Symptom alert: Increased urination, extreme thirst, blurred vision or unintentional weight loss are all signs that you may be tilting toward full-blown diabetes.
Precondition: Stage 1 hypertension
In 2017, new guidelines did away with the term “prehypertension,” which is why you may have heard the terms “elevated blood pressure” or “stage 1 hypertension.” In the U.S., stage 1 hypertension means your systolic blood pressure — the top number — is rising into the 130s, and your doctor should advise you about treatment, notes the American College of Cardiology. But in a study of 12,000 patients in Germany, where that BP level isn't considered worthy of treatment, researchers found that, over 10 years, there was no increased risk of mortality from cardiovascular disease for people in this category, once other factors were considered.
Doctor's orders: The real risk here is blood pressure (BP) creep: Once your systolic blood pressure settles above 130, it's critical to begin making lifestyle changes, says Icilma Fergus, a cardiologist and director of cardiovascular disparities at Mount Sinai Medical Center in New York City. And if you have heart disease and diabetes, medication could be an option. If you're on a new BP medication, the doctor may choose to see you once or twice a month at first. Otherwise, start taking your BP on your own — weekly if it's generally stable and daily if it's not (or if you have a goal in mind). Use an at-home, cuff-style biceps monitor, or visit a pharmacy with a BP measuring station. Try a low-sodium diet such as the DASH (Dietary Approaches to Stop Hypertension) eating plan for at least two weeks, consuming no more than 1,500 milligrams of sodium a day. “We have a very rapid response to reducing salt intake,” says Fergus. In fact, the DASH diet has been found to be as effective as drugs for many adults.

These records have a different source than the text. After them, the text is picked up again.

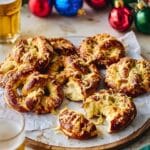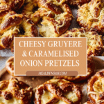 Delicious homemade pretzels filled with sweet caramelised onions and topped with melted Gruyère cheese. These soft, golden-brown pretzels combine the rich flavors of caramelised onions and nutty Gruyère for a perfect snack or appetizer, with a slightly crispy exterior from a bicarbonate of soda bath before baking.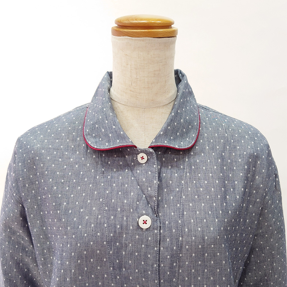 やさしい肌触りのベーシックなガーゼパジャマ。長袖(前開きタイプ)長丈パンツ。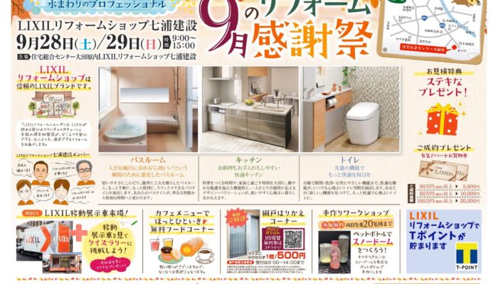 9月28日・29日の土日は、 LIXILリフォームショップ七浦建設の定期イベント開催します! …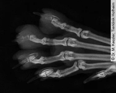 Wird eine Katze mit einer Lahmheit in Verbindung mit Husten, Lethargie oder Dyspnoe in der Klinik vorgestellt, sollte das Lungen-Zehen-Syndrom auf der Liste der möglichen Differenzialdiagnosen stehen. Doch auch bei einer reinen Lahmheit ohne respiratorische Symptome sollte die Lunge im Hinterkopf bleiben und nach Möglichkeit ein Röntgenbild des Thorax angefertigt werden.
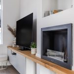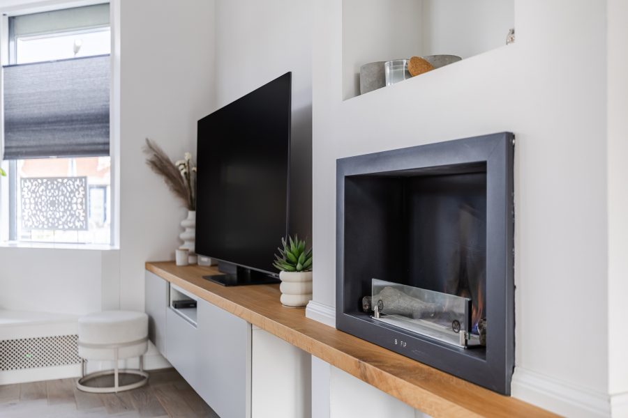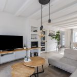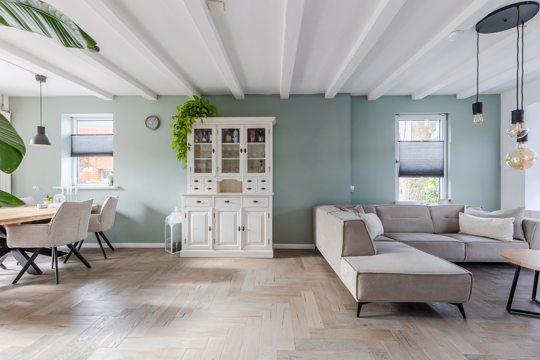 The spacious living room features a wood-colored floor and beautifully finished walls. Some classic details have been preserved here, such as the beamed ceiling and the bay window. The built-in fireplace also adds to the ambiance. Thanks to the large windows and garden doors, plenty of natural light floods in.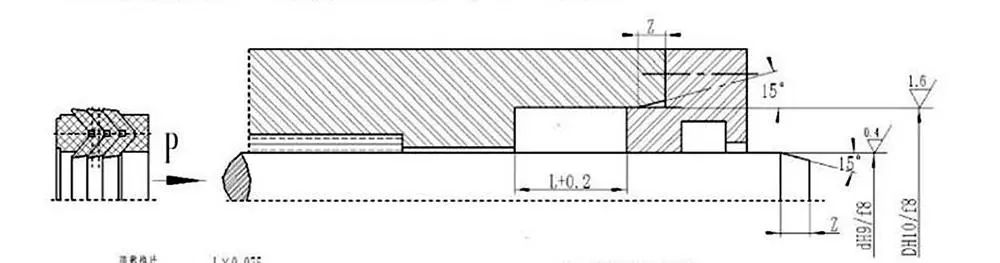 Le guarnizioni a forma di V possono essere regolate nella dimensione assiale regolando la guarnizione per ottenere tenuta e attrito ottimali. L'usura iniziale dopo un funzionamento a lungo termine può essere estesa regolando la dimensione assiale. Il design consigliato per la dimensione assiale regolabile della cavità della tenuta è 1,025 L, con un intervallo di regolazione di 7,5% L.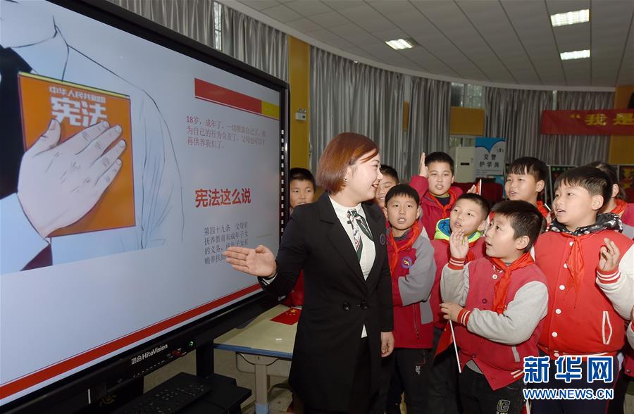 12月3日,合肥市經(jīng)開區(qū)明珠居委會法律援助律師在給明珠小學(xué)的學(xué)生們講解憲法知識。國家憲法日到來之際,各地學(xué)校紛紛舉辦主題宣講活動(dòng),對學(xué)生開展法治教育,幫助孩子們了解憲法知識。新華社記者 郭晨 攝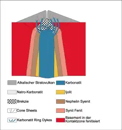 Karbonatitový vulkanismus je všobecně spojen s vnitrodeskovými extenzními strukturami, většinou v blízkosti ultrabazických nebo alkalických komplexů[3] v asociaci s alkalickými silikátovými magmatity (ijolity, urtity, nefelinickými syenity, méně s pyroxenity, peridotity, kimberlity a lamprofyry).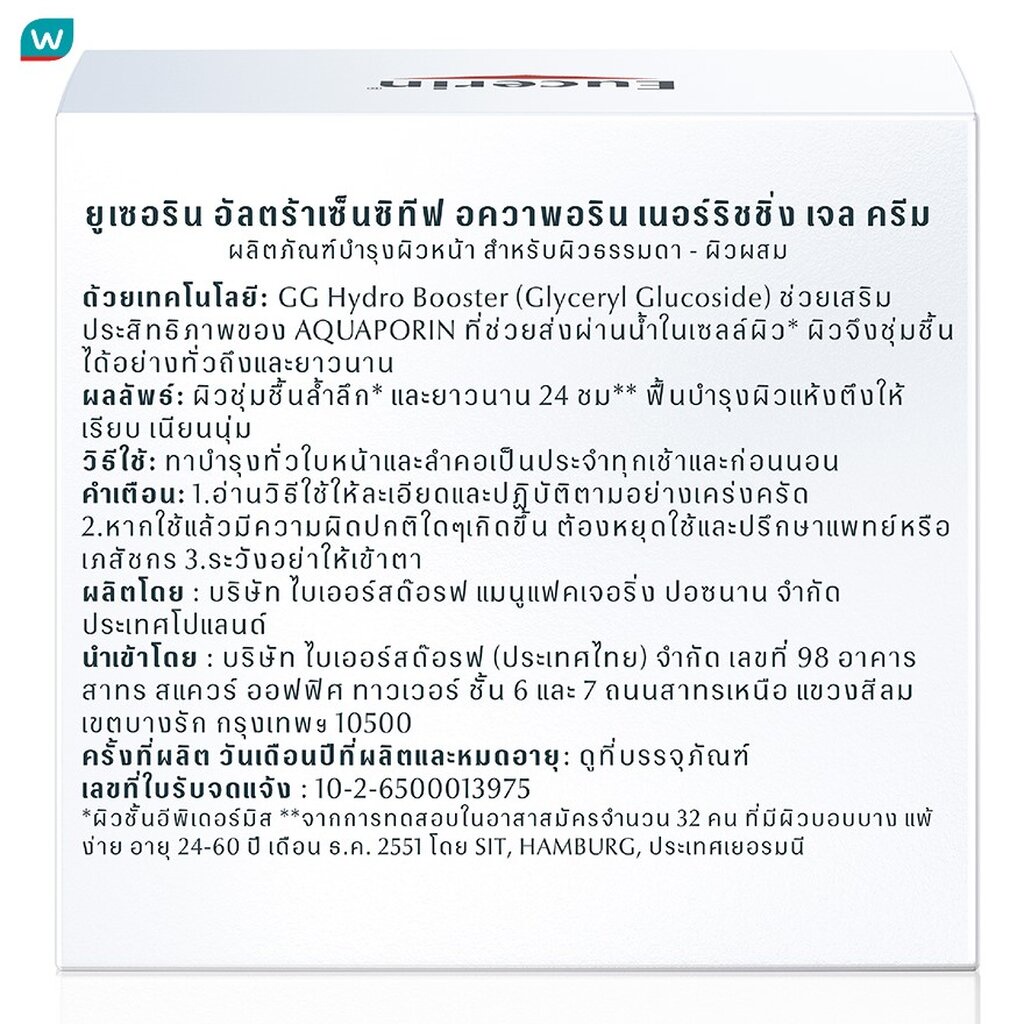 Eucerin ยูเซอริน อัลตร้าเซ็นซิทีฟ อควาพอริน เนอร์ริชชิ่ง เจล ครีม 50 มล. ผิวธรรมดา-ผิวผสม

Your action plan: Take a nap. Middle-of-the-day sleep appears to lower blood pressure just as much as taking low-dose antihypertensive medications, according to a recent Greek study. “There is a natural drop in blood pressure when we sleep and likely a downregulation of our sympathetic nervous system,” explains Chris Winter, a physician based in Charlottesville, Virginia, who wrote The Sleep Solution. “Doing it consistently can put your body into a rhythm of turning down the pressure within your circulatory system every day."
And fill up on foods high in potassium (potatoes, bananas, kidney beans, wild salmon) as well as calcium and magnesium (yogurt, dark leafy vegetables and almonds). They help stabilize blood pressure, says Anderson.